I’m so excited to let everyone know my book is being published this fall. They’ll be available on Amazon and a few other websites. So check out whatsyourand.com for all the details, or sign up for my exclusive list and you’ll be the first to know. I really appreciate the support. If you do, you’ll even get a few tracks for my comedy album for free. And please don’t forget to hit Subscribe to the show. You see them in the future episodes every Wednesday and then now with the follow-up Fridays.
This week is no different with Greg Kyte. He’s the Controller at Utah Valley Physicians Plaza and the founder of Comedy CPE. Now, he’s with me here today.
Greg, thanks so much for taking time to be with me on What’s Your “And”? I’m so glad to be here. I mean, we’re pals from way back when, so it’s always nice to circle back around. Not just pals from way back when but our and is the same, so we got that in common. So yeah.
John: Yeah, exactly, which is how we got connected to begin with.
Greg: Yeah, exactly.
John: We didn’t connect over the accounting. That’s for sure.
Greg: Nope, that was not it.
John: We both had the same questions. How do you do a cash flow statement? I don’t know either.
Greg: Right. Do you want me to talk about cash flow statements? Because…

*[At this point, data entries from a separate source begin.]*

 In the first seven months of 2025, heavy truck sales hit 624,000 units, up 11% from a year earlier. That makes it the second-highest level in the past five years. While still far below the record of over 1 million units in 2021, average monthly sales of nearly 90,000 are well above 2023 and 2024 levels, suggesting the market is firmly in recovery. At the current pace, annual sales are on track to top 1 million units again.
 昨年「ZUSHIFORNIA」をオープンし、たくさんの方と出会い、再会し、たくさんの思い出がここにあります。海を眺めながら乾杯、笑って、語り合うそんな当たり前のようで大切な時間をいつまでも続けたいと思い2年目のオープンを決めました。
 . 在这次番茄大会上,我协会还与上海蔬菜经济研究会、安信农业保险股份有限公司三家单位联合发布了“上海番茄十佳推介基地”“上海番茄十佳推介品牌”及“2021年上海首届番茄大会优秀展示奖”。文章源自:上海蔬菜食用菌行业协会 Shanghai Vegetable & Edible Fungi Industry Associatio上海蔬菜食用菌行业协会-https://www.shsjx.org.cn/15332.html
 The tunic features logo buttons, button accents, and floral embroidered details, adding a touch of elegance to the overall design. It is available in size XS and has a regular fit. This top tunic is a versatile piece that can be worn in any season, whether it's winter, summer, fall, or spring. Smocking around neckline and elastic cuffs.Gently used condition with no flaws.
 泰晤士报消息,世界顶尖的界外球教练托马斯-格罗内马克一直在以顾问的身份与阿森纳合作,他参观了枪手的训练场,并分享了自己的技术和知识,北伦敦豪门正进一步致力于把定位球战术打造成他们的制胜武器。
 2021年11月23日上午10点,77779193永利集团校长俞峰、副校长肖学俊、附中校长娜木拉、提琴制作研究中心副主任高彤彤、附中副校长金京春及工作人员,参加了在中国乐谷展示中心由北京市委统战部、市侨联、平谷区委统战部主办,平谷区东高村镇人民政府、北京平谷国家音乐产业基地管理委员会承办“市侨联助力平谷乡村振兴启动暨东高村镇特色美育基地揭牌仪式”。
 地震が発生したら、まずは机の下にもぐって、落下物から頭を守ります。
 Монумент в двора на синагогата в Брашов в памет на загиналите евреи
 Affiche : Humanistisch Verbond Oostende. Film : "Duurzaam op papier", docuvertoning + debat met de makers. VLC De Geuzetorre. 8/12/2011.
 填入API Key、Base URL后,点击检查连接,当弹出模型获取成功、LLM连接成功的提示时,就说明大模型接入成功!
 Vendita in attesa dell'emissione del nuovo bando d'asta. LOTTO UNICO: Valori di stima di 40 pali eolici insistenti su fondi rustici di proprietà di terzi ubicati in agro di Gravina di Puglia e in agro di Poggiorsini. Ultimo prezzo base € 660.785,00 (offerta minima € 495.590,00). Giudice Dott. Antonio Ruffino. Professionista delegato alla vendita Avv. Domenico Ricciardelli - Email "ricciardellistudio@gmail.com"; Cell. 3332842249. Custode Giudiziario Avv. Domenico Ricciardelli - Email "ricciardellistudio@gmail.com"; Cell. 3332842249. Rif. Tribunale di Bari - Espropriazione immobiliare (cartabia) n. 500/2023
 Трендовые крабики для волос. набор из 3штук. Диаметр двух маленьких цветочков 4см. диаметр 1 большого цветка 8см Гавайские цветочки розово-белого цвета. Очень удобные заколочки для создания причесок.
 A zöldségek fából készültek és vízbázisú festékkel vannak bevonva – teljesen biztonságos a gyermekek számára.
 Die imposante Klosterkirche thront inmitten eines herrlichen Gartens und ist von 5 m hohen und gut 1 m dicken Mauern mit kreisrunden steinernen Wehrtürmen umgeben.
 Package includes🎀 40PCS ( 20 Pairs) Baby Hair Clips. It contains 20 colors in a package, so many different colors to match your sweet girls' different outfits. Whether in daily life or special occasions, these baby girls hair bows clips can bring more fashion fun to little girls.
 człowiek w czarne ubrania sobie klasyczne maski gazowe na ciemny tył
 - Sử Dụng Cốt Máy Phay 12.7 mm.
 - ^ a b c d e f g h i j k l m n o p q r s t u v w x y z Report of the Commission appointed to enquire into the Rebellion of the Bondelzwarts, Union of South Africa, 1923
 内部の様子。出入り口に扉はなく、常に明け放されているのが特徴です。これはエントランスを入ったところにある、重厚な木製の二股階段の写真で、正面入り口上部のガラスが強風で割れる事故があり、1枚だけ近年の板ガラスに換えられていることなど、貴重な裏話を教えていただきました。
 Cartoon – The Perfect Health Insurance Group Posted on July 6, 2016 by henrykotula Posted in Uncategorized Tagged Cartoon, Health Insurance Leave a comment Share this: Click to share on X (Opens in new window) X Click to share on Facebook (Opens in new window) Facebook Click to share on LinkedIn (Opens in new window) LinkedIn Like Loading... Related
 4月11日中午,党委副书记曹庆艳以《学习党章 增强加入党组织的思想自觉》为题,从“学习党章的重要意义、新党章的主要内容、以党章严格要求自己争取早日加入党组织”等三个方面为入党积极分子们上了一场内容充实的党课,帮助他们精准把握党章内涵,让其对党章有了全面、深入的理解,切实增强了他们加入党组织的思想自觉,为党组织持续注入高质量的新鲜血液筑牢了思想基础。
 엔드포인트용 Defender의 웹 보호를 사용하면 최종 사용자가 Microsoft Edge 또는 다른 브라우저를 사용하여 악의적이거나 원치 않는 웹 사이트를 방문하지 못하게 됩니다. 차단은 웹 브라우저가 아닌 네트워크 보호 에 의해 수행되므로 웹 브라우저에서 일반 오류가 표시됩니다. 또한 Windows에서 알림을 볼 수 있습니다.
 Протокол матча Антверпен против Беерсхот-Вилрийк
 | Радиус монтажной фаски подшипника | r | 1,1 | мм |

John: As much as I would, but that’s not your and. So we’ll that in a different show, Greg.
Greg: Because at my company, we have non-cash distributions. It screws everything up because the assumption is that the distributions, it’s just a whole thing.
John: It sounds like a whole thing, but I do have rapid-fire questions for you right out of the gate, just so we can see what happens here. So here we go. If you had to choose, Harry Potter or Game of Thrones?
Greg: Game of Thrones.
John: Okay. Suit and tie or jeans and a t-shirt?
Greg: Jeans and a t-shirt all day long.
John: Okay, how about a favorite ice cream toppings?
Greg: Oh, caramel. I love caramel.
John: Interesting. Okay, cats or dogs?
Greg: I have dogs.
John: Okay. Favorite Disney character?
Greg: It would be the genie from Aladdin.
John: Yeah, also hilarious. Also hilarious.
Greg: Yeah. Sorry, but to be specific, the animated Aladdin.
John: Okay, not the thing that came out with a new one.
Greg: All props to Will Smith. He’s amazing, but it’s not. He’s no Robin Williams.
John: Very true. Very true. And I know you fly a lot, aisle or window seat?
John: Okay. And the last one, this one is important, toilet paper, roll over or under?
Greg: Under is an abomination to everything that’s good. Listen, if you invite me to your house and your toilet paper is rolled underhand, I’m changing that because you’re wrong, and I’m probably not going to be your friend anymore.
John: There you go and unfollow on social which is where it really hurts. That’s where it really hurts.
Greg: Right, exactly.
John: Yeah, that’s awesome, man. That’s awesome. So let’s talk comedy. What’s new in the comedy career since we talked in 2015? That’s four years ago, man. That’s nuts.
Greg: So long good. It’s weird because I think when you’re in the thick of it, it seems like everything’s kind of moving along sort of incrementally, but you look back over a span like four years and there’s tons of stuff that’s happened in the last four years because my and is kind of nice, just like with you. You can find a niche at the intersection of the skill you were trained for, accounting, and what the passion is, what the hobby is, which is comedy.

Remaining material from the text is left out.